- Christ Episcopal Church
- U.S. National Register of Historic Places
- Location: Gibson Hill Rd., SW of Rtes. 19 and 408, Belvidere, New York
- Coordinates: 42°15′09″N 78°03′46″W﻿ / ﻿42.2525°N 78.0628°W
- Area: 2 acres (0.81 ha)
- Built: 1860
- Architectural style: Gothic Revival
- NRHP reference No.: 74001218
- Added to NRHP: May 17, 1974

= Christ Episcopal Church (Belvidere, New York) =

Historic church in New York, United States

Christ Episcopal Church is a historic Episcopal church in Belvidere, Allegany County, New York. The Gothic Revival style frame church was built in 1860 and features Carpenter Gothic elements. It is a one-story board and batten clad rectangular structure with a slate gable roof.

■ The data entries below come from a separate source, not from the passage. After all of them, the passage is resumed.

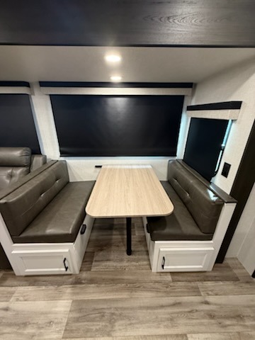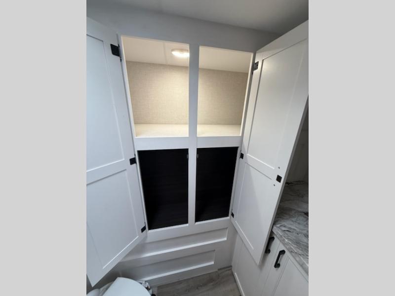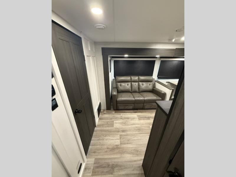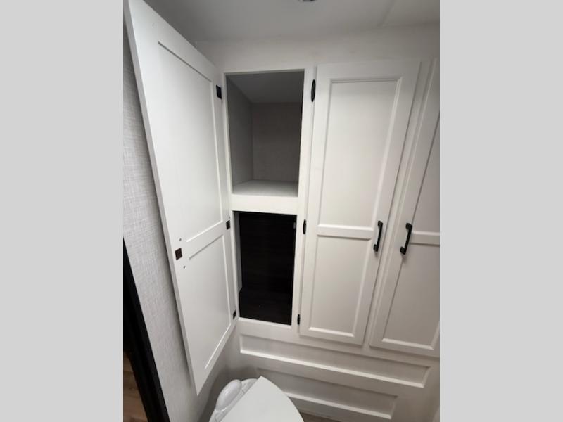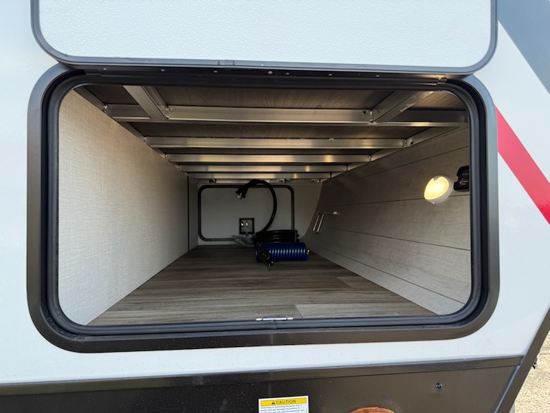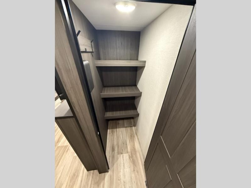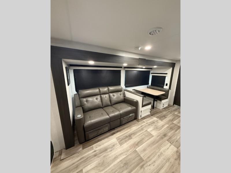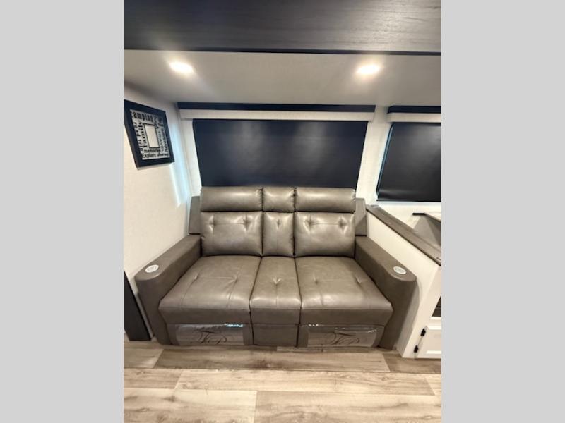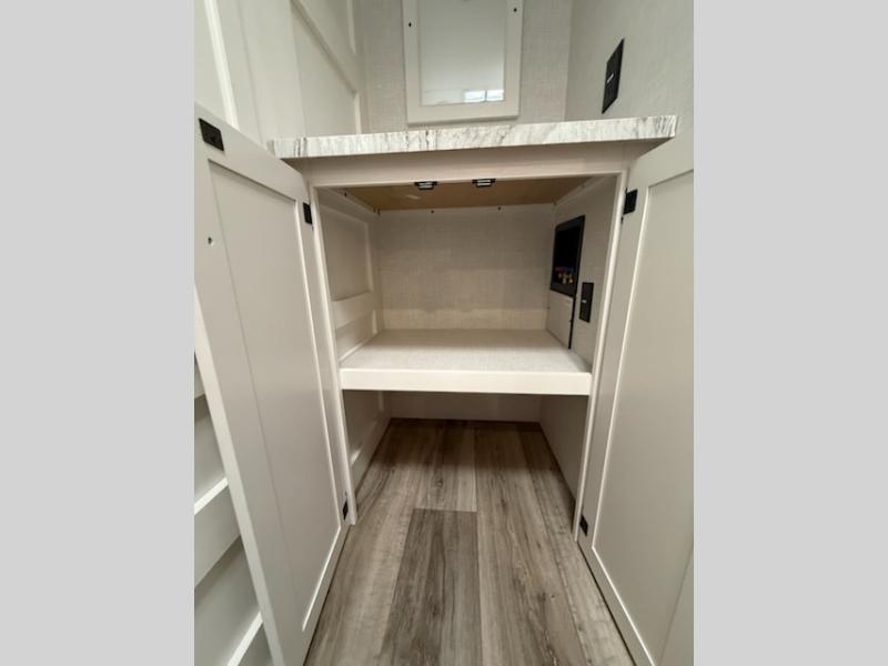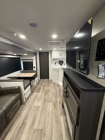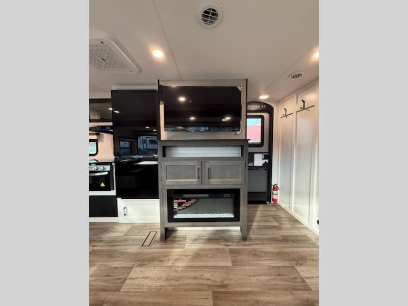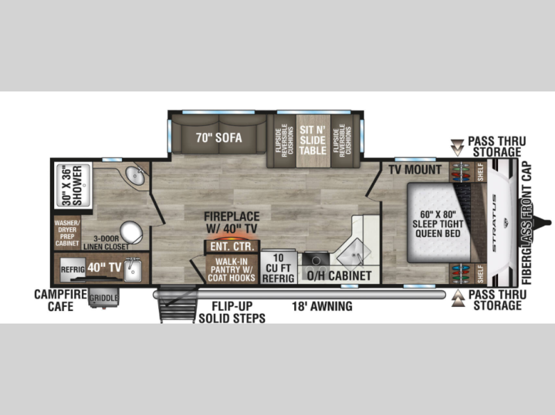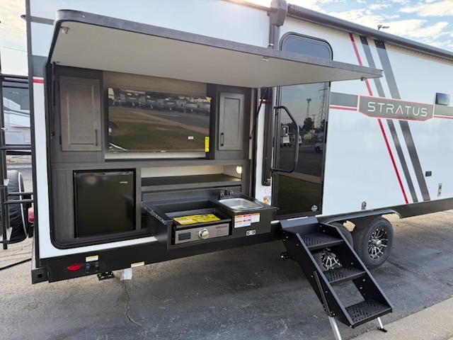 You're going to feel right at home in this Stratus single slide unit! There is not only a fully equipped kitchen with a three burner cooktop, but also an outside campfire café with a griddle, refrigerator, sink, and even an exterior 40" TV for your entertainment. As you enter the unit, you will notice to the right a walk-in pantry with coat hooks, and to the left is the full rear bathroom with a 30" x 36" shower, a three door linen closet, and a cabinet prepped to add an optional washer and dryer. If mother nature rains on your parade then relax inside on either the 70" sofa or the sit n' slide table dinette across from the entertainment center.
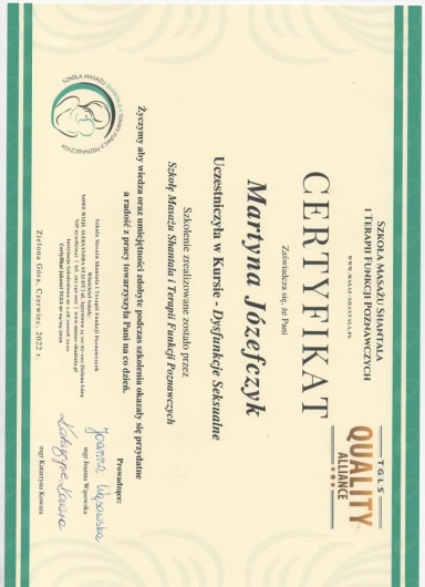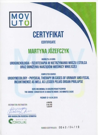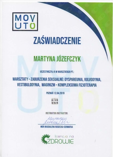 Jaki jest zakres porad oferowanych przez Martyna Józefczyk?Martyna Józefczyk to fizjoterapeuta. Na podstawie swojego doświadczenia i wykształcenia Martyna Józefczyk oferuje usługi takie jak: fizjoterapia uroginekologiczna, wizyta fizjoterapeutyczna (pierwsza wizyta).
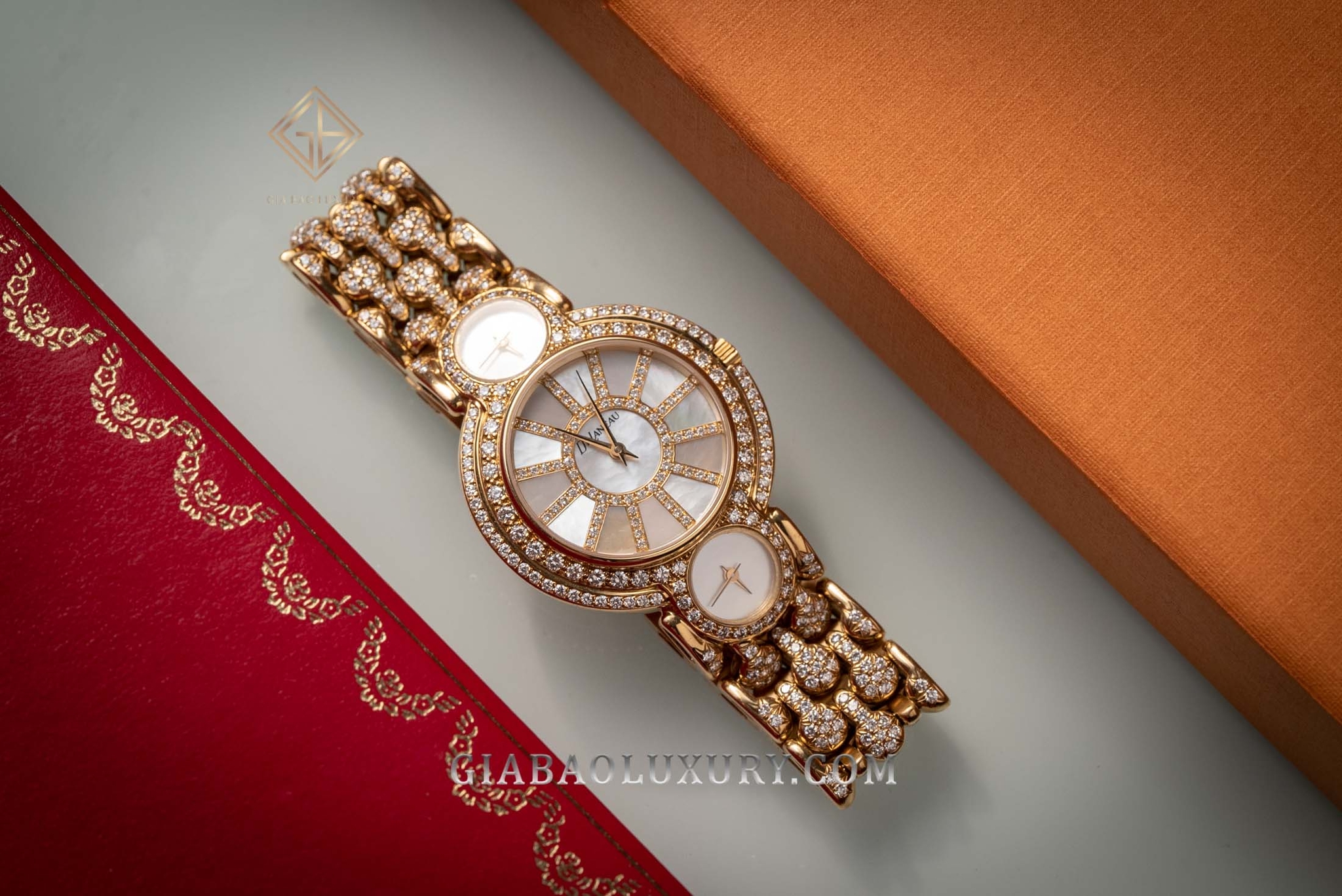 Tổng thể mặt đáy của chiếc đồng hồ tạo cho chúng ta cảm giác đang chiêm ngưỡng một tác phẩm điêu khắc chứ không còn là một chiếc đồng hồ bình thường nữa. Rotor cũng được chế tác với họa tiết hoa, các hình trái tim cách điệu. Các tấm cầu đều được gắn cố định bằng những chiếc vít thép. Phần đáy của 2 mặt số phụ cũng được “điêu khắc” và có núm chỉnh giờ dành cho từng mặt số phụ.Trên đó có thể hiện tên thương hiệu, thành phần của vàng và cả mã hiệu cùng với số serial của chiếc đồng hồ.
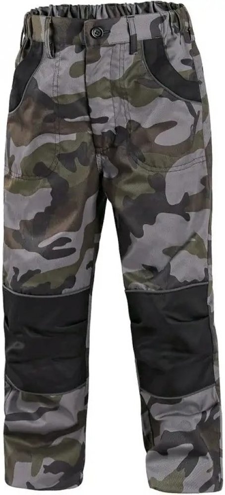 Dětské maskáčové kalhoty se zesílenými koleny a sedem pro delší životnost. Pas s poutky na opasek, vzadu do gumy, přední i zadní kapsy, boční kapsa, reflexní doplňky.
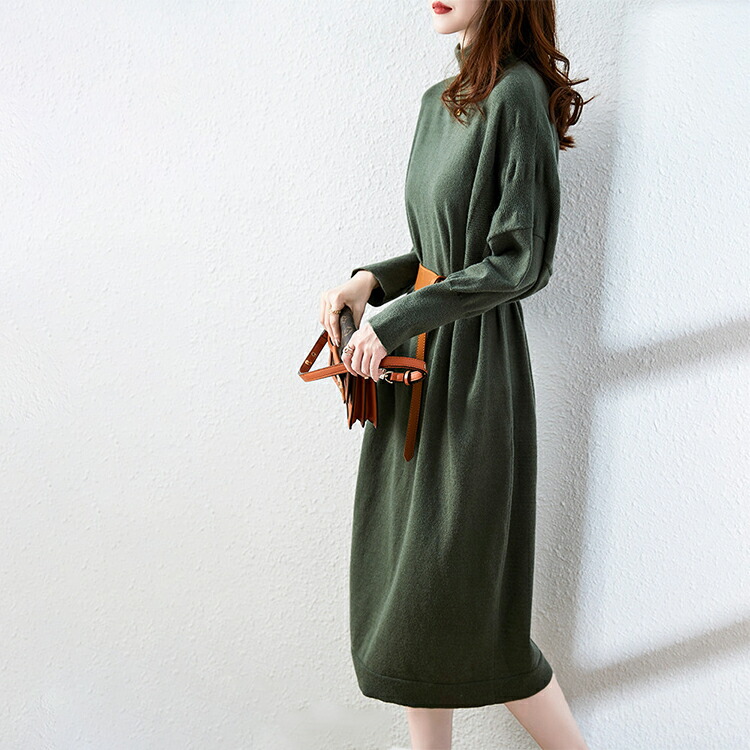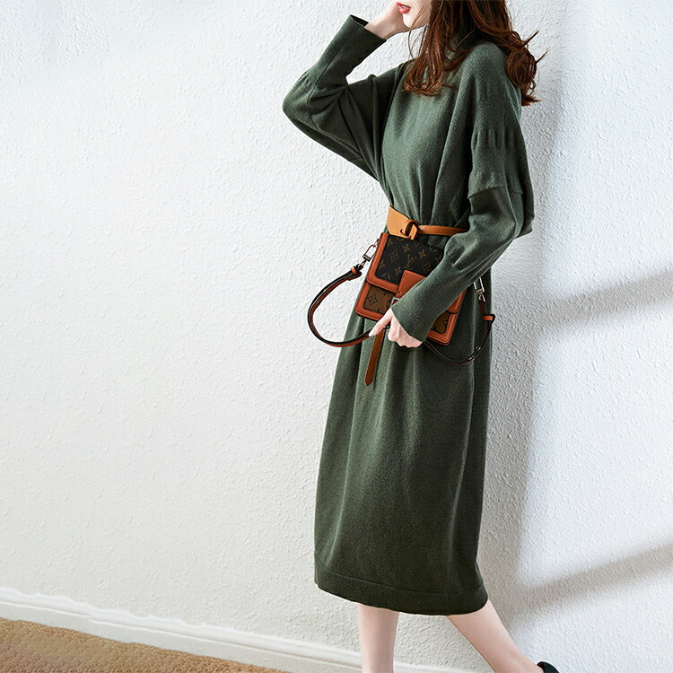 ニットワンピース 長袖 春 冬 レディ ワンピース 新登場! S M L 2L
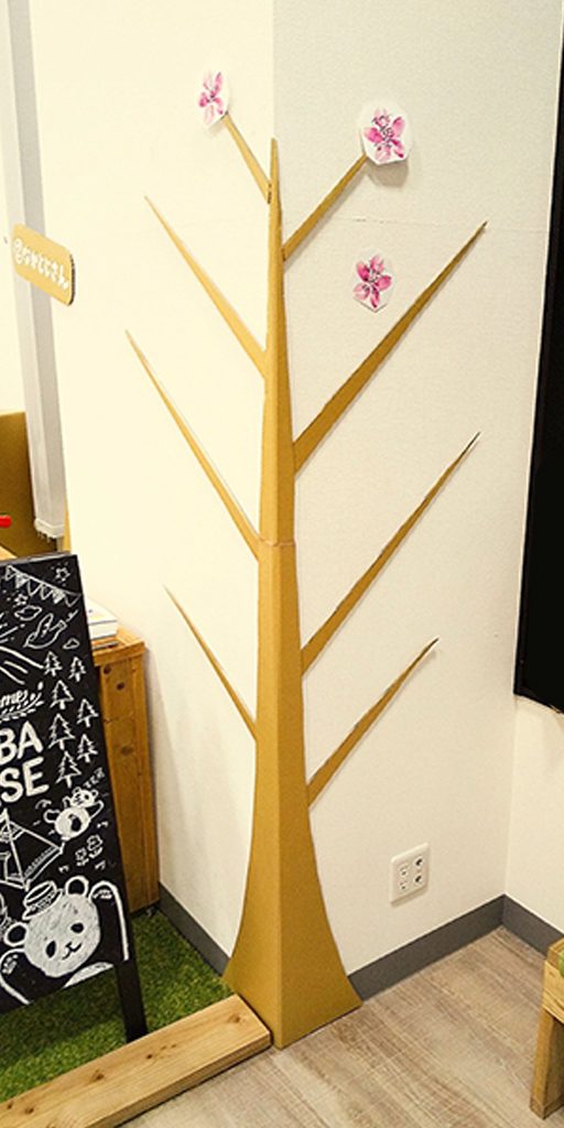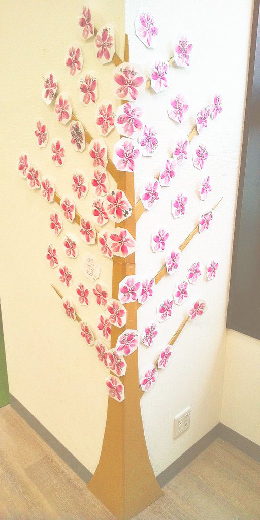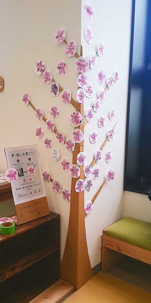 桜の幹をあしらった壁面に貼ってもらい、満開にしてしまおうというもの。
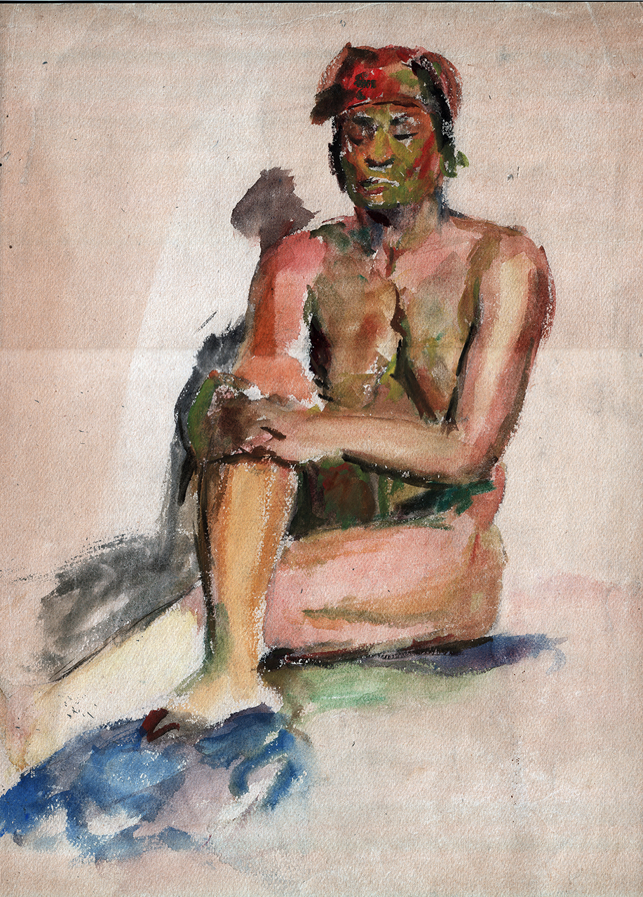 Aquarelle dans un bon état de conservation pouvant présenter légères rousseurs, salissures et petits plis. Un petit trou de vrillette bord gauche.
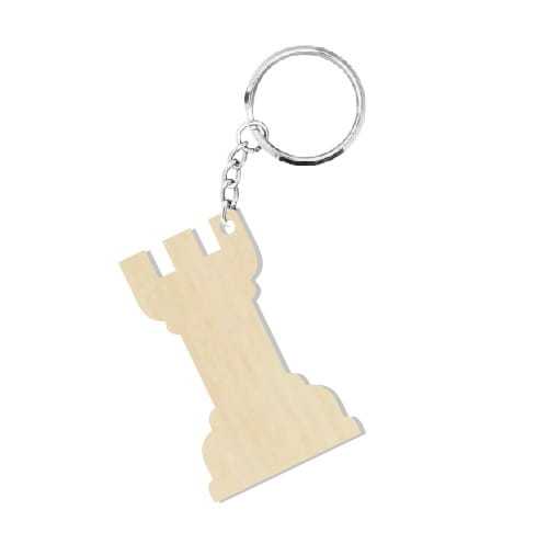 Drewniany brelok w kształcie wieży szachowej do samodzielnego montażu.
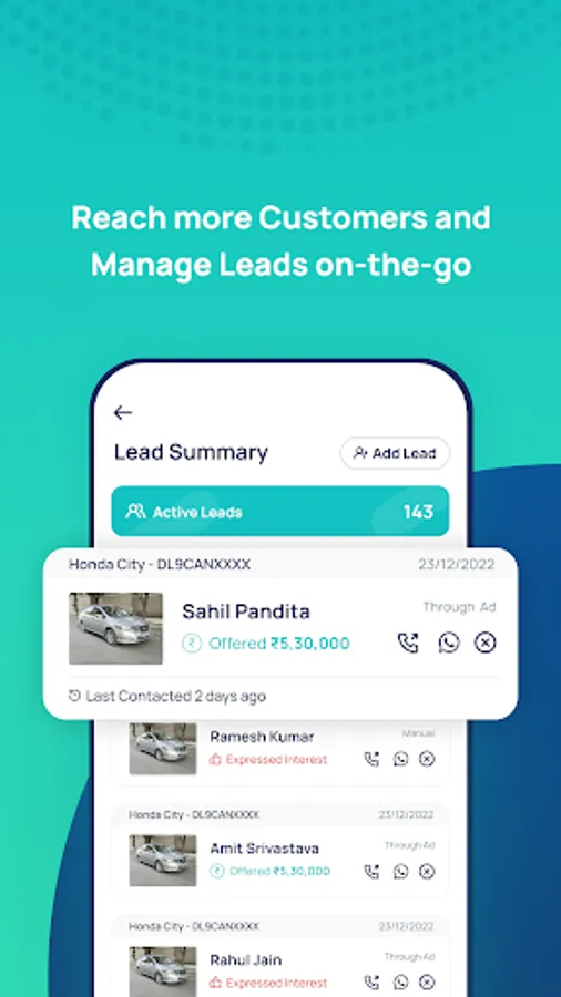 The CarInfo Dealer app is a must have app for every used Car/Bike Dealer to grow their business. Now a dealer can post his inventory online and reach new customers digitally. The dealer can track the online leads, give interested customers a call and even accept offers in just one single click. Moreover, a dealer can create leads of walk-in customers and manage them completely online in our easy to use CRM system.
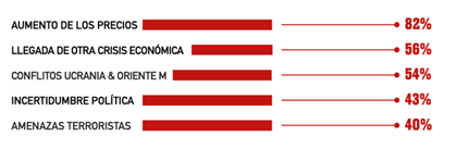El principal riesgo percibido por las agencias de viajes para los próximos meses es el aumento de los precios, dado que es catalogado como una amenaza por el 82% de los profesionales consultados.
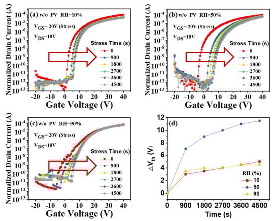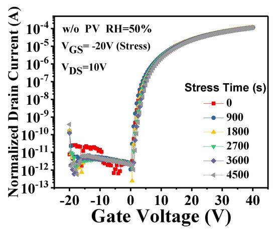 In addition, we measured the negative gate bias-stress (NGBS) instability of a-IGZO TFTs at RH = 50%, as shown in Figure 3. During the NGBS tests, a direct voltage of −20 V was applied to the gate electrodes for a period and then the transfer curves were instantly measured. After 4500 s of NGBS test, nearly no Vth shift was observed. When a negative voltage was applied to the gate electrode of a-IGZO TFTs, the oxygen atoms in a-IGZO tended to be repelled into the ambience, leading to negative shifts of Vth [25]. However, this process might have been effectively prohibited by the moisture-assisted oxygen adsorption [11,12,22], especially when the ambient RH was high. Therefore, no evident Vth shifts were exhibited during the NGBS tests in this study.
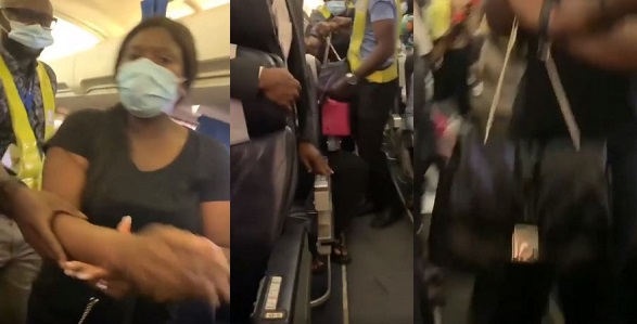 The lady’s insistence on keeping the bag with her, left the cabin crew with no other option than to usher her out of the flight.
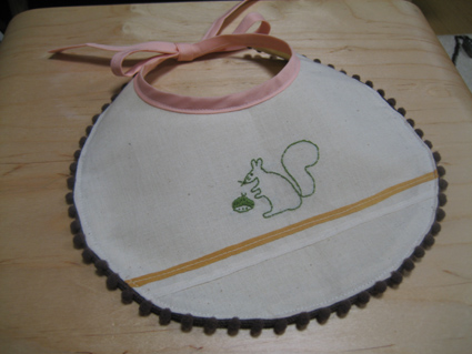 おともだちのイラストレーターさのまきこちゃんのかわいいリスのイラストをお願いしてお借りしてスタイを作りました。まきこちゃんありがとう。まきこちゃんの絵ってばほんとにかわいくて刺繍しながら大興奮!周りをもけもけが覆っています。

It was listed on the National Register of Historic Places in 1974. At the time, it was classified within the Episcopal Church as a "Chapel at Ease," meaning it did not host regular services (those had ceased in the 1930s) but hosted two semi-annual services, one in June and the other in September, staffed by clergy from the Episcopal Churches in surrounding communities. It was officially deconsecrated after the June 2018 service and turned over to a community foundation, which will operate the building as the multi-purpose Belvidere Cornerstone.